The transaction achieved the best credit spread ever for Doha Bank at 105 basis points over the 5-year U.S. Treasury rate, tightening by 35 basis points from initial price thoughts.

Investor participation was well-diversified, with 56% from the Middle East, 26% from Asia, 13% from the UK & Europe, and 5% from U.S. offshore accounts. The issuance saw strong and wider investor demand, with first time investors from Europe and Asia participating in the deal.

The issue was arranged and offered through a syndicate of Joint Lead Managers that included Crédit Agricole CIB, DBS Bank Ltd., Emirates NBD Capital, ING Bank, KIS Asia, Mashreq Bank, RAKBANK, QNB Capital, Santander Bank and Standard Chartered Bank, as well as, Co-Manager, Commercial Bank of Qatar.

Doha Bank last accessed the market in March 2025 with a USD 500 million bond, later tapped to USD 775 million. The current issuance was executed under Doha Bank’s Euro Medium Term Note (EMTN) Programme, listed on the London Stock Exchange.

ISIN: XS3172196100
Issue date: 16 September 2025
Maturity date: 16 March 2031

Disclaimer

Before you invest, you should read the Base Offering Circular dated 24 February 2025 (the “Base Offering Circular”) for more complete information about the Issuer, the Guarantor and this offering.

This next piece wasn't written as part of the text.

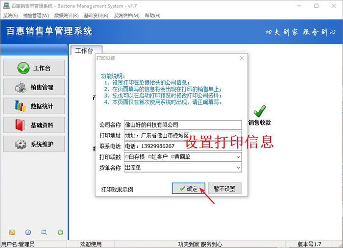 第一次登录的时候可以设置打印抬头,设置好公司信息点击确定。

An electronic version of the base offering circular that you are seeking to access (the “Base Offering Circular”) is being made available on this webpage by Doha Bank Q.P.S.C. (the “Bank”) solely for the purposes of complying with the rules published by the Financial Conduct Authority of the United Kingdom. Please note that this disclaimer may be altered or updated and so you should ensure that you read it in full each time you visit this webpage and before reading, accessing or making any other use of the attached documents. In accessing the Base Offering Circular, you agree to be bound by the following terms and conditions, including any modifications to them from time to time, each time you receive any information as a result of such access.

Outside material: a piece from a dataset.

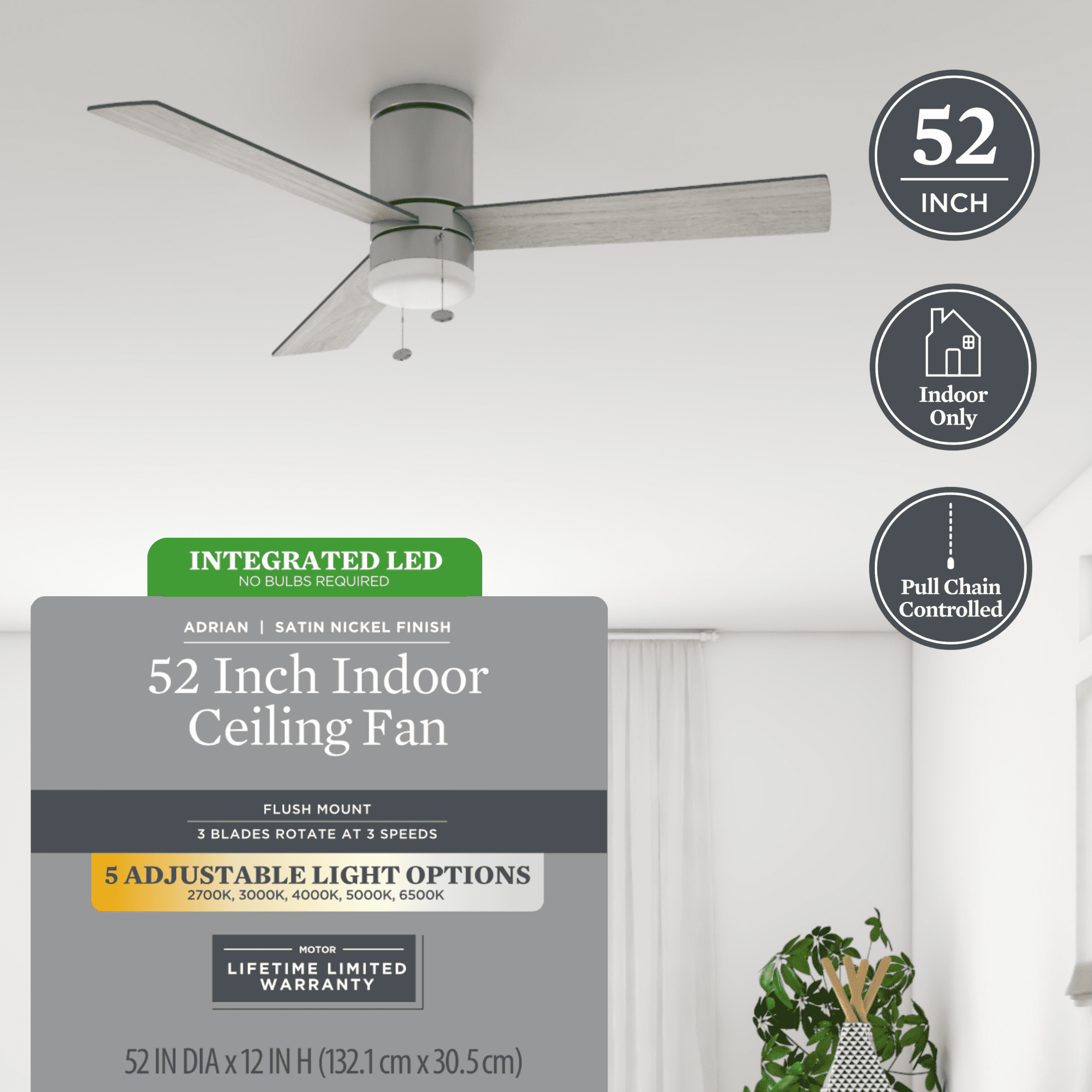 Better Homes & Gardens 52″ Modern Nickel Indoor Flushmount Ceiling Fan with Color Changing Light, Pull Chain Control & Reverse Airflow

THIS BASE OFFERING CIRCULAR IS NOT INTENDED TO CONSTITUTE AN OFFER, SALE OR DELIVERY OF SECURITIES UNDER THE LAWS OF THE STATE OF QATAR. ANY NOTES TO BE ISSUED PURSUANT TO THE BASE OFFERING CIRCULAR (THE “NOTES”) HAVE NOT BEEN AND WILL NOT BE LISTED ON THE QATAR EXCHANGE OR REGISTERED WITH THE QATAR FINANCIAL MARKETS AUTHORITY, THE QATAR CENTRAL BANK OR WITH ANY OTHER AUTHORITY PURSUANT TO ANY LAWS, REGULATIONS AND RULES IN THE STATE OF QATAR. THE NOTES AND INTERESTS THEREIN WILL NOT AND ARE NOT INTENDED TO BE, OFFERED OR SOLD TO THE PUBLIC IN THE STATE OF QATAR.

NOTHING IN THIS ELECTRONIC TRANSMISSION AND THE BASE OFFERING CIRCULAR CONSTITUTES AN OFFER OF SECURITIES FOR SALE IN THE UNITED STATES OF AMERICA (WITH ITS TERRITORIES AND POSSESSIONS, ANY STATE OF THE UNITED STATES AND THE DISTRICT OF COLUMBIA, COLLECTIVELY, THE “U.S.”) OR ANY OTHER JURISDICTION. THE SECURITIES DESCRIBED IN THE OFFERING CIRCULAR HAVE NOT BEEN, AND WILL NOT BE, REGISTERED UNDER THE UNITED STATES SECURITIES ACT OF 1933, AS AMENDED (THE “SECURITIES ACT”), OR THE SECURITIES LAWS OF ANY STATE OF THE U.S. OR ANY OTHER U.S. JURISDICTION AND SUCH SECURITIES MAY NOT BE OFFERED OR SOLD WITHIN THE U.S. OR TO, OR FOR THE ACCOUNT OR BENEFIT OF, U.S. PERSONS (AS DEFINED IN REGULATION S (“REGULATION S”) UNDER THE SECURITIES ACT) EXCEPT PURSUANT TO AN EXEMPTION FROM, OR IN A TRANSACTION NOT SUBJECT TO, THE REGISTRATION REQUIREMENTS OF THE SECURITIES ACT AND APPLICABLE STATE OR LOCAL SECURITIES LAWS.

Access is granted to the Base Offering Circular on the basis that you are a person into whose possession the Base Offering Circular may be lawfully delivered in accordance with the laws of jurisdiction in which you are located. The Base Offering Circular (or any part thereof) may not be downloaded or forwarded or distributed to any other person, whether orally or in writing, and may not be reproduced in any manner whatsoever. Any downloading, forwarding, distribution or reproduction of the Base Offering Circular in whole or in part is unauthorized. Failure to comply with this directive may result in a violation of the Securities Act or the applicable laws of other jurisdictions.